We are using mouse genetics, genome-wide CRISPR/Cas screen, and live-cell imaging approach to address this question. In addition, we are taking advantage of pre-myelinating oligodendrocytes as a new model system to study cell death, stress responses, and autophagy to uncover new aspects of cell metabolism. Finally, we are developing genetic tools for targeting, labeling, and manipulation of pre-myelinating oligodendrocytes. Together this work will be valuable in studying oligodendrocyte development and further determining physiological function of pre-myelinating oligodendrocytes in developmental and myelin repair.
The communications between neurons and glial cells, as well as the ones among different glial cell types (astrocytes, oligodendrocytes, and microglia) are critical for normal nervous system function. The molecular and cellular mechanisms underlying these communications remain largely unknown. Oligodendrocyte-axon unit provides an excellent model to study neuron-glia interactions. Specifically, we are interested in the mechanisms that establish the initial axonal ensheathment by oligodendrocyte processes.

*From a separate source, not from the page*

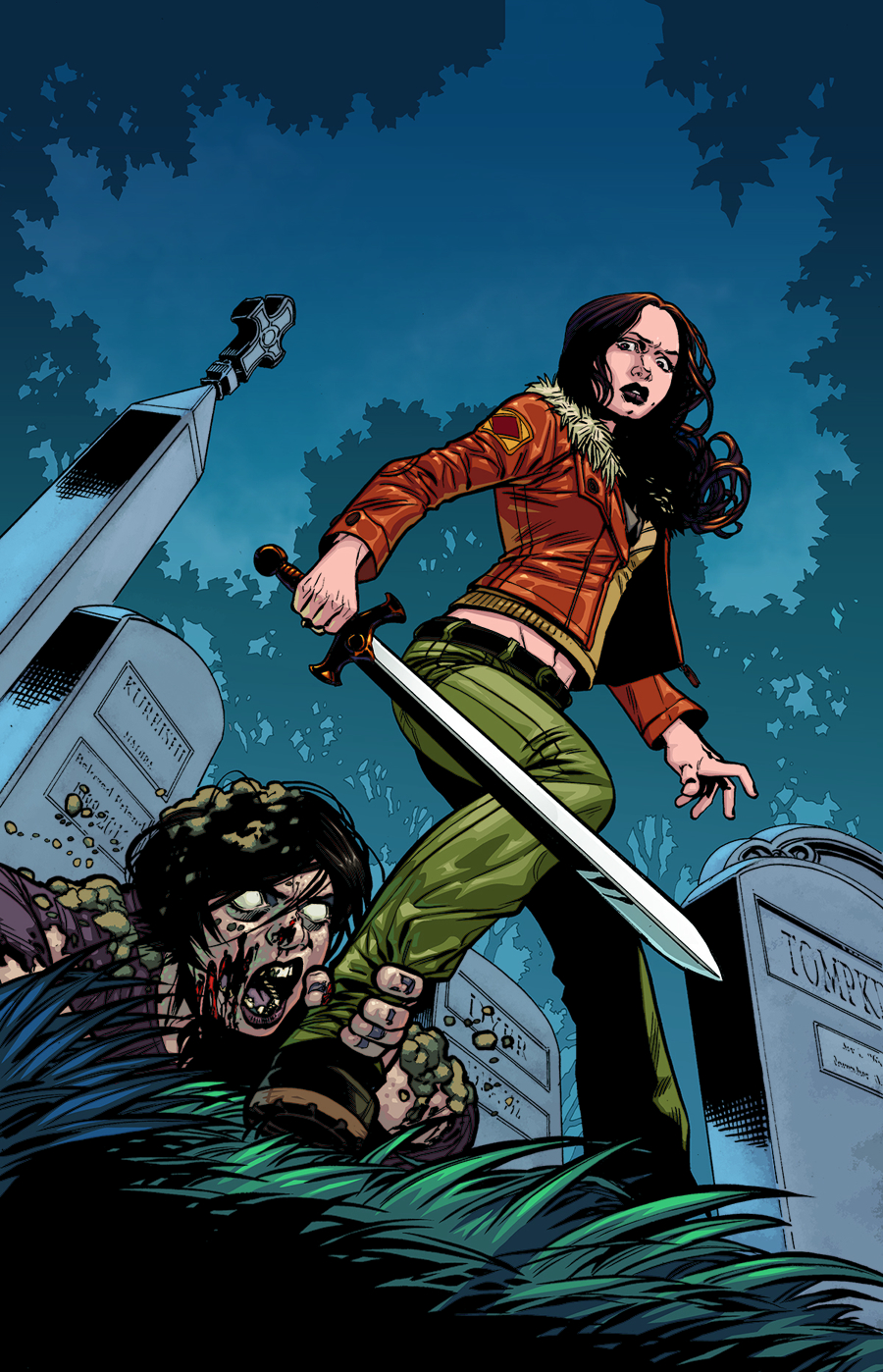 Angel, Faith, and the remaining Slayers prep themselves to overtake a group of living zombies-without losing any more lives. The demon Eyghon holds the last remnants of Giles's soul, but a gaggle of innocent zombies are blocking Angel's path to victory. Good thing an old friend was recruited to help with the fight . . .

Recent work showed that, intriguingly, the nervous system is inadequately myelinated; only a small portion of axons are myelinated even in the adulthood. In addition, there are also many unmyelinated segments along the myelinated axons. How do oligodendrocytes choose subsets of axons to myelinate? Is there any selectivity between axons and individual oligodendrocyte’s processes (20-30 per oligodendrocyte) that will myelinate these axons? What are the mechanisms governing the regional and temporal specificity across diverse brain regions? To address these questions, we have established primary oligodendrocyte-neuron co-culture platform as well as multiple in vivo murine systems, including the optic nerve (fully myelinated), the cortex (partially myelinated), and the cerebellum molecular layer (no myelination).
Gliosis was observed hundreds of years ago. It is tightly associated with many neurological diseases, including stroke, traumatic injury, multiple sclerosis (MS), Alzheimer’s Disease (AD), and Amyotrophic Lateral Sclerosis (ALS). In recent years, glial abnormality has been shown to occur before the onset of many neurological diseases, suggesting that glial cells may drive disease progression. Therefore, probing glial cells provides a unique angle in understanding and possibly treating these diseases. We are devoted to understanding the mechanisms underlying oligodendrocyte-associated diseases, including demyelinating diseases like neonatal white matter injury and multiple sclerosis. We have identified a few molecular handles and have established several animal models to address demyelination and remyelination mechanisms. In addition, we are interested in non-canonical oligodendrocyte diseases, including psychiatric disease and AD in which oligodendrocyte-specific genes are mysteriously dysregulated.